According to The Wall Street Journal, this new system, which NVIDIA CEO Jensen Huang describes as “unprecedented in the world,” is specifically designed to accelerate AI model query responses. The product launch is expected to reshape the current AI computing power market landscape, directly impacting cloud service providers and enterprise investors seeking more cost-effective alternatives.
As a significant milestone indicating market initial recognition of this technology, OpenAI, the developer of ChatGPT, has agreed to become one of the largest customers for this new processor, announcing plans to purchase large-scale “dedicated inference capacity” from NVIDIA. This move not only solidifies NVIDIA’s core customer base but also sends a clear signal to the market: Supporting the underlying infrastructure for autonomous AI agents is shifting from large-scale pretraining to efficient inference.

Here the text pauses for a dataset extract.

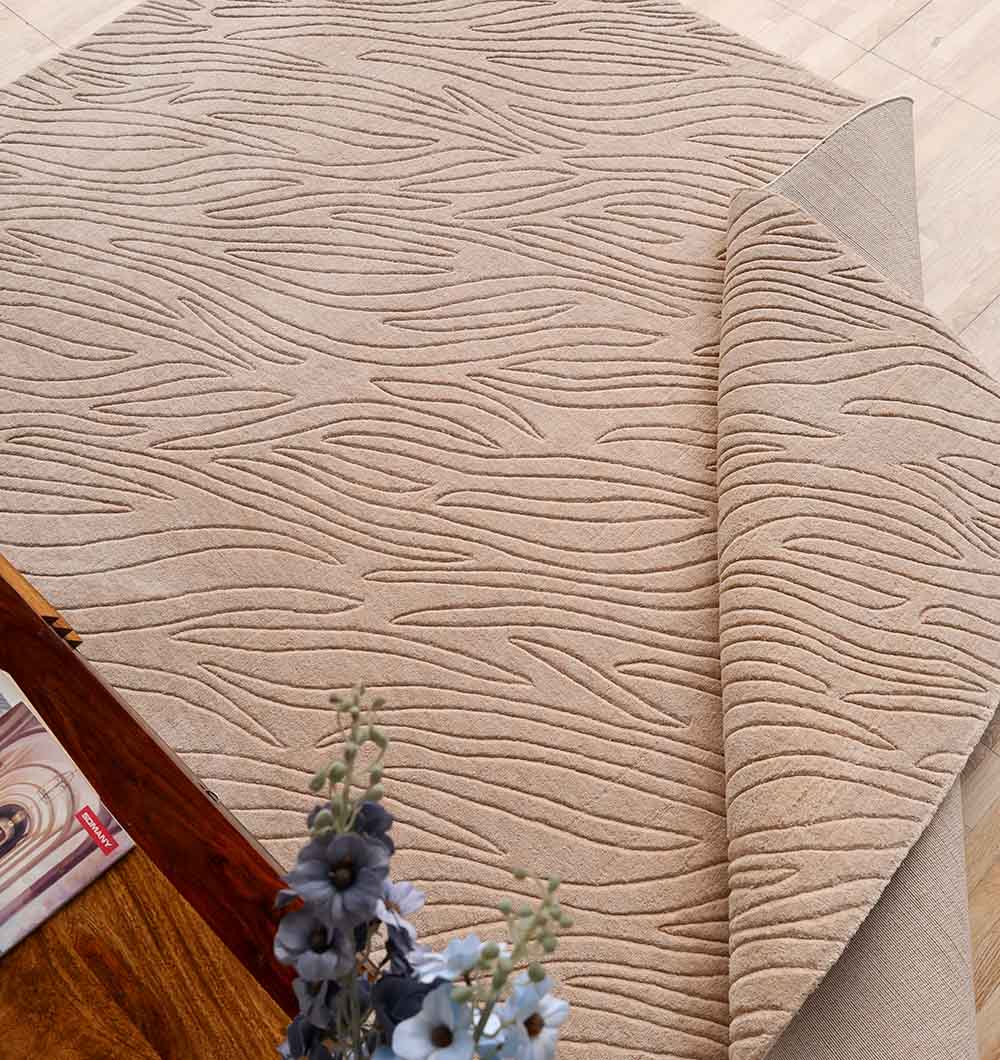 The LKH-042 is a premium selection for those seeking high-quality bedroom carpets that combine understated luxury with artisanal durability. Measuring 200 x 300 cm, this rectangular rug is meticulously handcrafted from a high-performance blend of 80% polyester and 20% cotton, resulting in a substantial 30 kg weight that ensures it stays perfectly in place. The design features a serene beige palette elevated by a hand-carved linear texture, adding a sophisticated architectural touch to its minimalist surface. With a plush 1.5 cm pile height, it provides the exceptional underfoot softness and acoustic dampening required for restful sleeping environments. This durable yet elegant piece represents the pinnacle of modern craftsmanship for anyone looking to invest in long-lasting, stylish bedroom carpets.

In the face of fierce competition from Google, Amazon, and numerous startups, NVIDIA is breaking away from its traditional reliance on graphics processing units (GPUs). By introducing new architectural technologies and exploring deployment modes based solely on central processing units (CPUs), the company aims to continue consolidating its market dominance in the next phase of AI industry evolution.

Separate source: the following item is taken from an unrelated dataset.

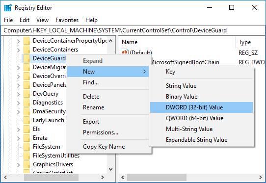 3.Haga clic con el botón derecho del ratón en DeviceGuard y seleccione New> DWORD (32-bit) Value.

LPU Integration Targets Major Model Inference Bottlenecks
As the AI industry shifts from model training to real-world deployment, inference computing has become the core focus. AI inference mainly involves two stages: pre-fill and decode, with decoding for large AI models being particularly slow. To address this technical bottleneck, NVIDIA is choosing to integrate external technologies to push beyond physical limits.
According to The Wall Street Journal, NVIDIA invested $20 billion at the end of last year to license key technology from startup Groq and recruited its executive team, including founder Jonathan Ross, through a large-scale “core hiring” deal. Groq’s “Language Processing Unit” (LPU) is built on an architecture fundamentally different from traditional GPUs, demonstrating extremely high efficiency in inference tasks.

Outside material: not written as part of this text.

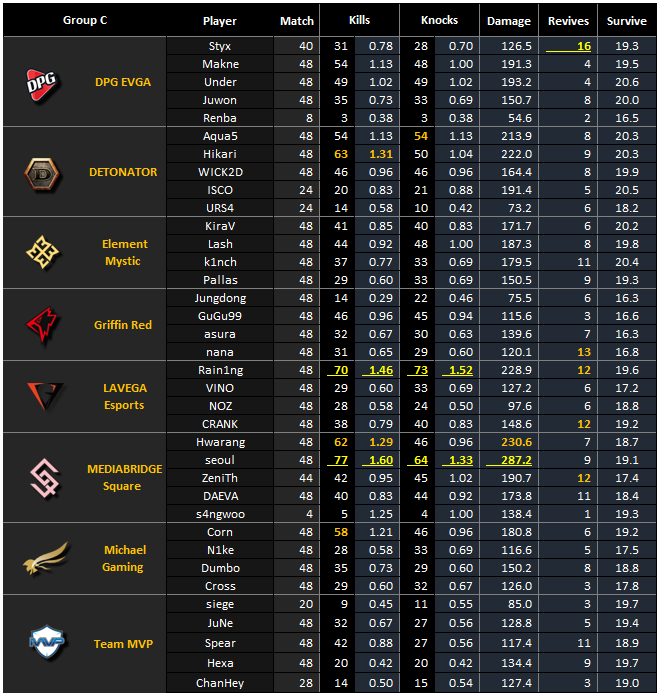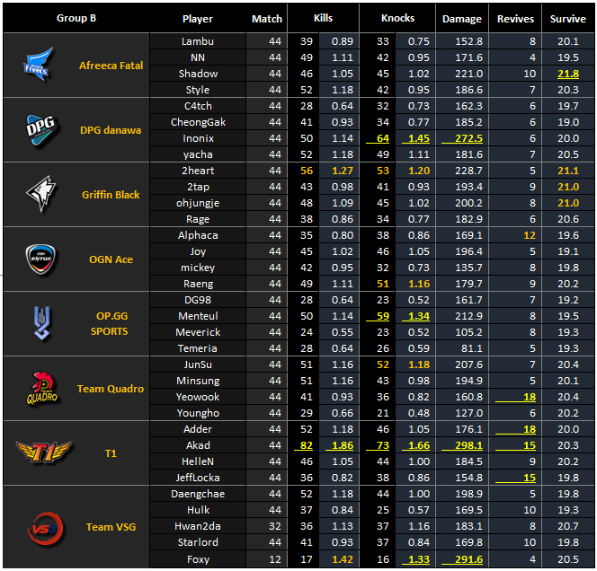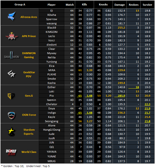 選手數據方面:A組 indigo 、seongjang、Pio這些耳熟能詳的名字在本賽季發揮依然出色,Pio以場均1.48擊殺,285.9點傷害位列A組所有選手之首。

Industry analysts believe that the upcoming product may involve a disruptive next-generation Feynman architecture. As previously reported by Wallstreetcn, the Feynman architecture might adopt a more extensive SRAM integration scheme, possibly using 3D stacking technology to deeply embed the LPU, specifically optimized for latency and memory bandwidth bottlenecks in inference, significantly reducing energy consumption and costs for AI agents.
Expanding Pure CPU Deployment for Diverse Computing Options
Alongside the LPU architecture, NVIDIA is also flexibly adjusting its traditional processor deployment strategies. Historically, NVIDIA’s standard approach has been to bundle Vera CPUs with its powerful Rubin GPUs in data center servers, but this configuration has proven costly and inefficient for certain AI workloads.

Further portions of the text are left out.